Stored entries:
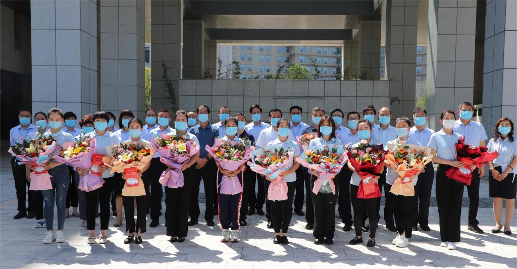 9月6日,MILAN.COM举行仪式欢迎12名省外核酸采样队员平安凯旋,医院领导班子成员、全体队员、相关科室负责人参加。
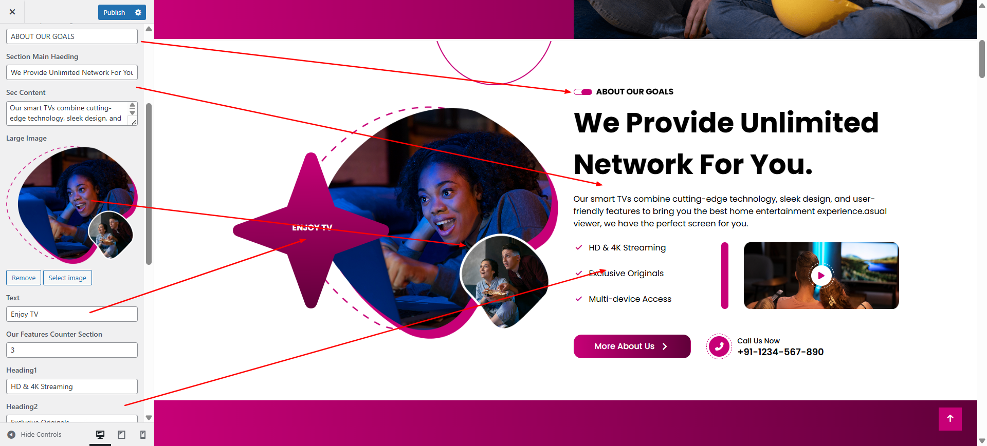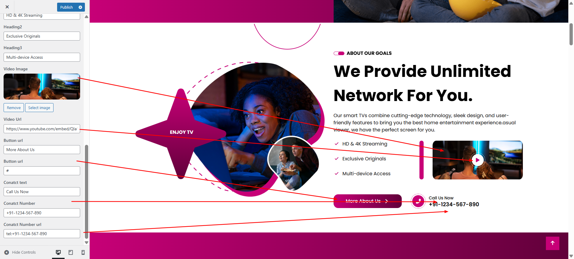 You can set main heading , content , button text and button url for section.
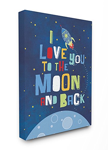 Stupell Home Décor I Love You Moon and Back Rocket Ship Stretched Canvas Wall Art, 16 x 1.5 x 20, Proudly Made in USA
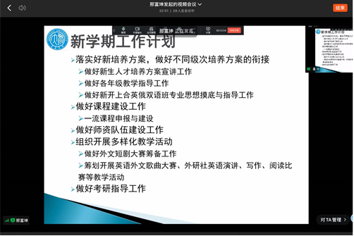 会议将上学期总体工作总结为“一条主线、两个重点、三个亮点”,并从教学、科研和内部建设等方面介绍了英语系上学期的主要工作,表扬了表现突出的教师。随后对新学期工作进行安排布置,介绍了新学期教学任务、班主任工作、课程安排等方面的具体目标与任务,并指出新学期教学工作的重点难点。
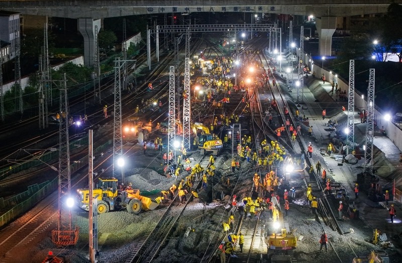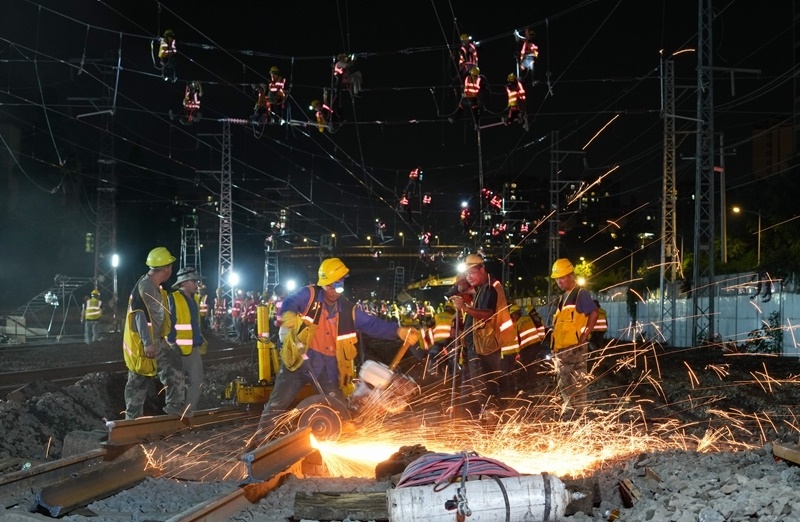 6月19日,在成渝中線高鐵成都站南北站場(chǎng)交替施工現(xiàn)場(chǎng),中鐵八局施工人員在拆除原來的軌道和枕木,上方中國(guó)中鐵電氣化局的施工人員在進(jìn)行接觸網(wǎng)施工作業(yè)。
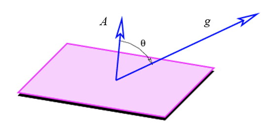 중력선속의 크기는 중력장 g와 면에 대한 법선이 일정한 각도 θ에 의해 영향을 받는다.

[Your assignment]:
In the copy, include exactly the lines from the one with "6月19日,在成渝中線高鐵成" through the final line of the data, both ends included, and no pictures.

[Written response]:
 6月19日,在成渝中線高鐵成都站南北站場(chǎng)交替施工現(xiàn)場(chǎng),中鐵八局施工人員在拆除原來的軌道和枕木,上方中國(guó)中鐵電氣化局的施工人員在進(jìn)行接觸網(wǎng)施工作業(yè)。
 중력선속의 크기는 중력장 g와 면에 대한 법선이 일정한 각도 θ에 의해 영향을 받는다.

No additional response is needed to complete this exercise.